(Extracted data entries)
#####
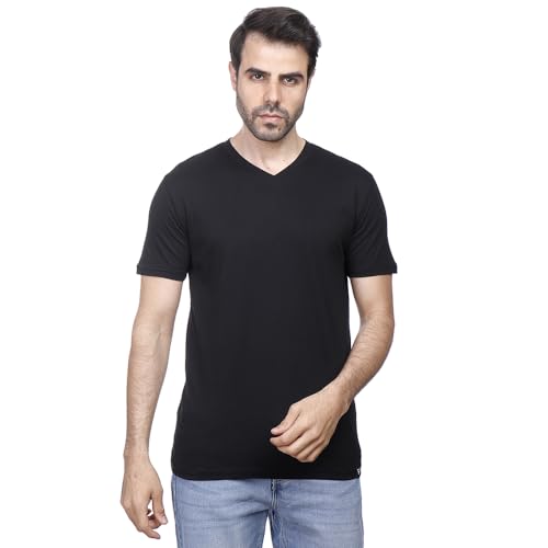 COUP - تيشرت سادة برقبة شكل V وأكمام قصيرة من كوب، لون أسود، مقاس M
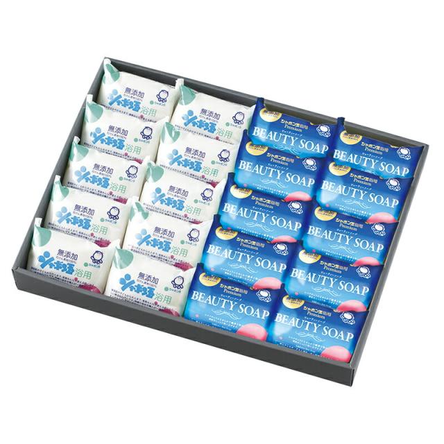 浴用石けん100gとビューティーソープ100gを10個ずつ、計20個詰め合わせたギフトセットです。
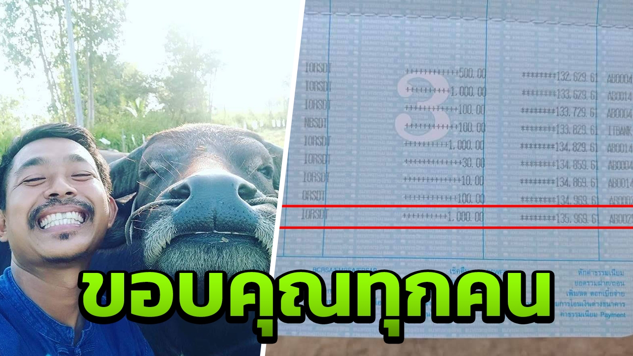 ขอขอบคุณสื่อต่างๆ และหน่วยงานต่างๆ ที่เข้ามาช่วยเหลือผม และขอขอบคุณเจ้าของทองคำที่ให้โอกาสผมและเจ้าทองคำได้อยู่ร่วมกันครับส่วนยอดเงินที่เกินผมอยากให้เพื่อนๆ ลงความเห็นเพื่อให้ทุกคนมีความสบายใจ ผมขอขอบคุณทุกคนที่มั่นใจในตัวผม ผมจะไม่ทำให้ทุกคนผิดหวังและจะสร้างรอยยิ้มให้ทุกคนได้เห็นต่อๆ ไปครับ..ขอขอบคุณทุกๆ คนมากๆ ครับ” ทำให้มีผู้เข้ามาให้กำลังใจเป็นจำนวนมาก
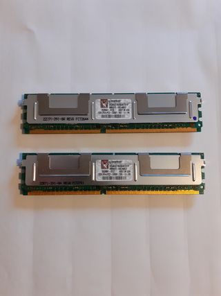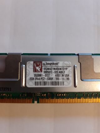 2 módulos de memoria de 2GB cada uno marca Kingston DGM431NABINTD1F + 2 de 512MB Hynix. 5GB en total. 2Rx4 PC2 DDR2 5300F ECC a 667 Mhz . En perfecto estado y como nuevas. Es memoria de servidor. IMPORTANTE !!! Sólo válida para procesadores Intel Xeon. No valida para procesadores Intel i3,i5 e i7.Ideal para placas que la soporten. Ver mi perfil y opiniones. Workstation o Gaming. HP Z, LENOVO, MEMORIA DDR2 ECC, XEON
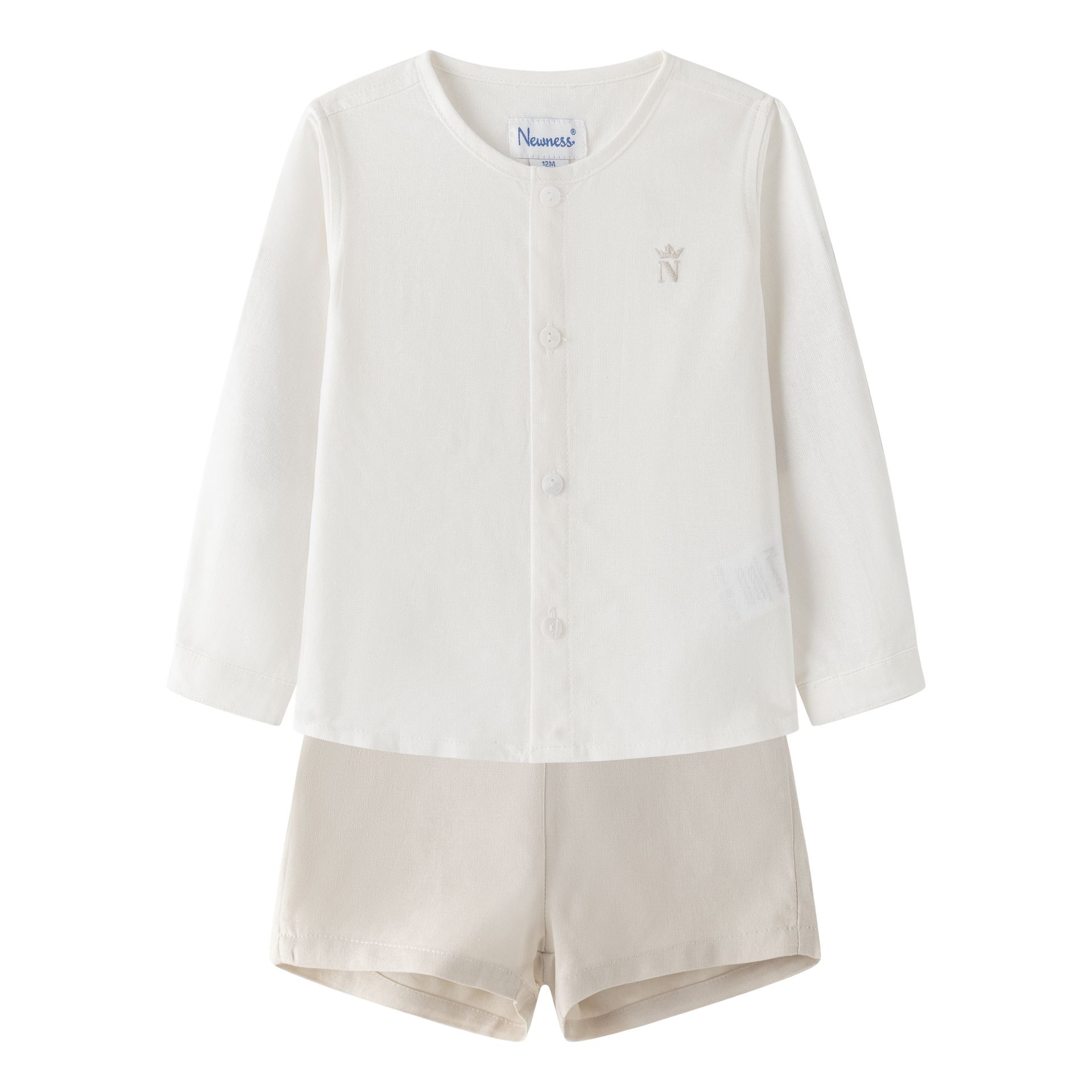 Ceremony baby set 6–24M in white and beige with matching piping on the shirt and adjustable-waist pants for greater comfort
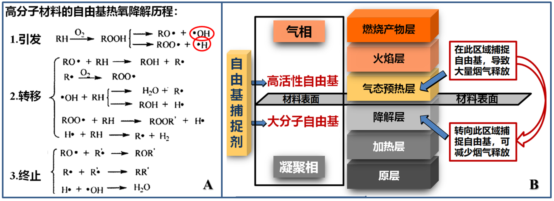 高分子材料自由基热降解历程(A)和“气相-凝聚相转移自由基捕捉”示意图(B).
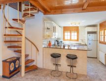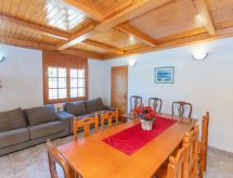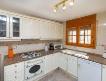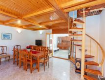 "Villa Palma", 4-rums-villa 105 m2 med 2 våningar. Komfortabelt och mysigt inredd: vardagsrum med 1 bäddsoffa (120 cm), sat-TV och digital-TV. Utgång till terrassen. Matrum med matbord. 1 rum med 1 säng (90 cm), 1 fransk säng (135 cm). Öppet kök (4 kokplattor, ugn, diskmaskin, brödrost, vattenkokare, mikrovågsugn, elektrisk kaffemaskin) med bar. Badkar/toalett med hörnbadkar. Ingen uppvärmningsmöjlighet. Övre våning: (spiraltrappa) 1 rum med snedtak med 4 sängar (90 cm). Terrass. Terrassmöbler, utegrill. Till förfogande: tvättmaskin, strykjärn, hög barnstol, barnsäng, hårtork. Internet (Trådlös LAN [WLAN] , gratis). Parkeringsplats vid huset. Notera: 1 husdjur/hund tillåtet. TV bara ES, DE, FR. HUTTE001227- Utrustning
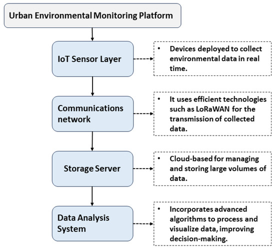 The sensor layer is responsible for collecting environmental data in real-time. These data are transmitted over a network that uses efficient technologies such as LoRaWAN [31,32]. The cloud-based storage server manages and stores large volumes of collected data. The data analysis system processes and interprets this information using advanced algorithms, which improves decision-making related to the urban environment.
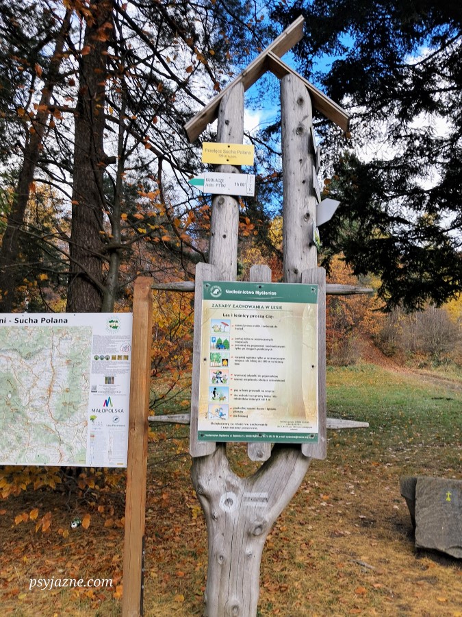 W żaden sposób nie zniechęceni maszerujemy teraz w kierunku Suchej Przełęczy, mijając po drodze odejście żółtego szlaku, który prowadzi przez Dobczyce aż do Wieliczki, a także zdobywając Kamiennik Południowy.
#####
Word for word, restate the lines from the line containing "The sensor layer" through the end of the data, including the first and last of them. Pictures stay out.

**SOLUTION FOR THIS TASK**
 The sensor layer is responsible for collecting environmental data in real-time. These data are transmitted over a network that uses efficient technologies such as LoRaWAN [31,32]. The cloud-based storage server manages and stores large volumes of collected data. The data analysis system processes and interprets this information using advanced algorithms, which improves decision-making related to the urban environment.
 W żaden sposób nie zniechęceni maszerujemy teraz w kierunku Suchej Przełęczy, mijając po drodze odejście żółtego szlaku, który prowadzi przez Dobczyce aż do Wieliczki, a także zdobywając Kamiennik Południowy.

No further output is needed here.